HR-Bandit: Human-AI Collaborated Linear Recourse Bandit
Junyu Cao, Ruijiang Gao, Esmaeil Keyvanshokooh
TL;DR
The paper addresses online decision-making with actionable recourse in contextual bandits by introducing Recourse Linear UCB (RLinUCB) and its human–AI extension HR-Bandit. It combines a linear reward model with distance-bounded mutable feature adjustments and develops optimistic counterfactual optimization solved via ADMM, achieving sublinear regret. HR-Bandit adds a principled, data-driven human-in-the-loop mechanism that yields warm-start, robustness, and finite human-effort guarantees, while maintaining competitive regret bounds even with adversarial human input. Empirical results on synthetic and semi-synthetic healthcare data validate improved performance and limited human interventions, supporting the practicality of human–AI collaboration in medical recourse. The work advances online recourse methods and offers a foundation for safe, efficient human-guided bandits in clinical decision-support contexts.
Abstract
Human doctors frequently recommend actionable recourses that allow patients to modify their conditions to access more effective treatments. Inspired by such healthcare scenarios, we propose the Recourse Linear UCB ($\textsf{RLinUCB}$) algorithm, which optimizes both action selection and feature modifications by balancing exploration and exploitation.
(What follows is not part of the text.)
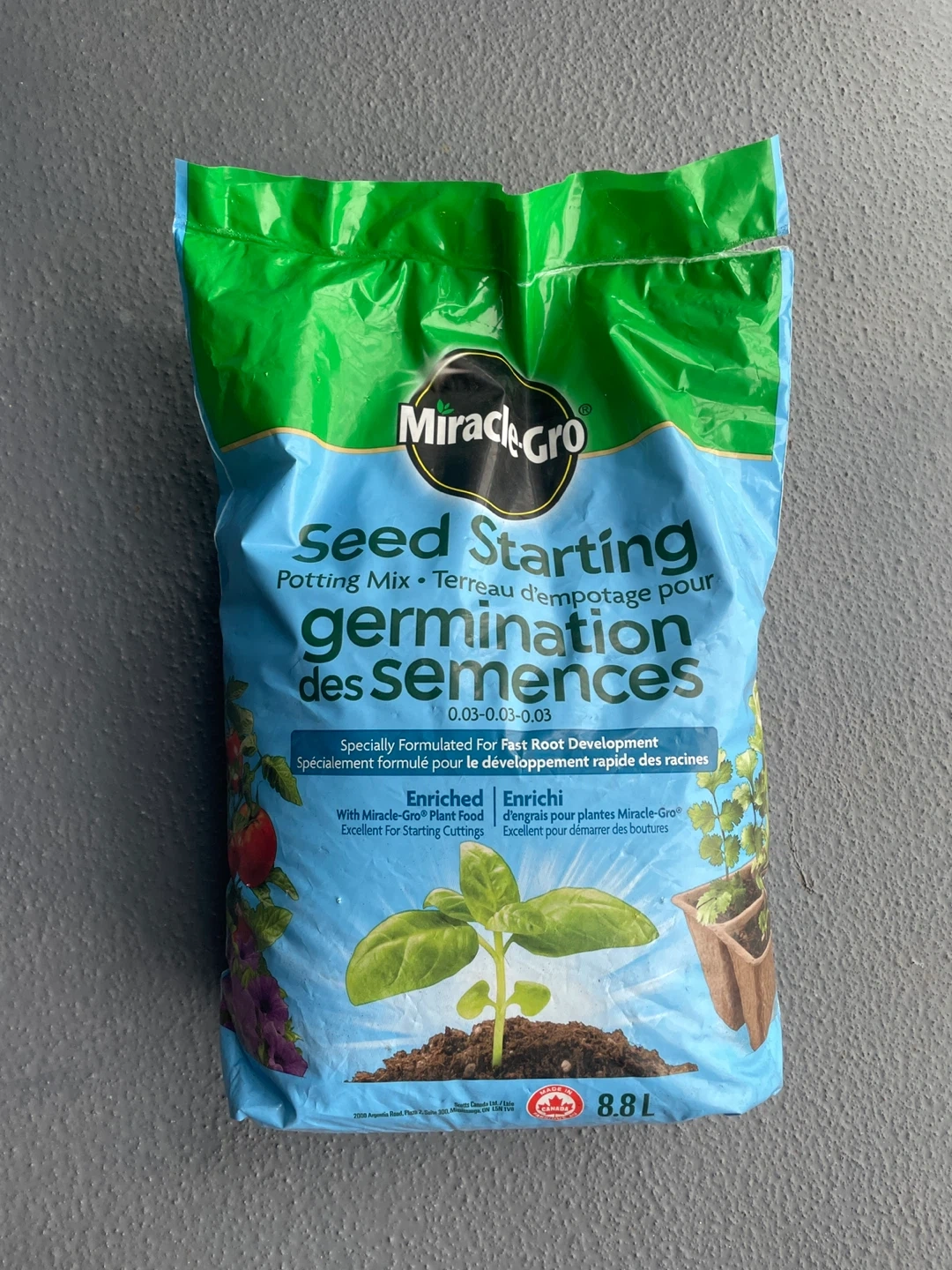 Three bags of Miracle-Gro Seed Starting Potting Mix for fast root development. Specially formulated for seedlings and cuttings. It's enriched with Miracle-Gro Plant Food. Good for starting your seeds and plants!

We further extend this to the Human-AI Linear Recourse Bandit ($\textsf{HR-Bandit}$), which integrates human expertise to enhance performance. $\textsf{HR-Bandit}$ offers three key guarantees: (i) a warm-start guarantee for improved initial performance, (ii) a human-effort guarantee to minimize required human interactions, and (iii) a robustness guarantee that ensures sublinear regret even when human decisions are suboptimal. Empirical results, including a healthcare case study, validate its superior performance against existing benchmarks.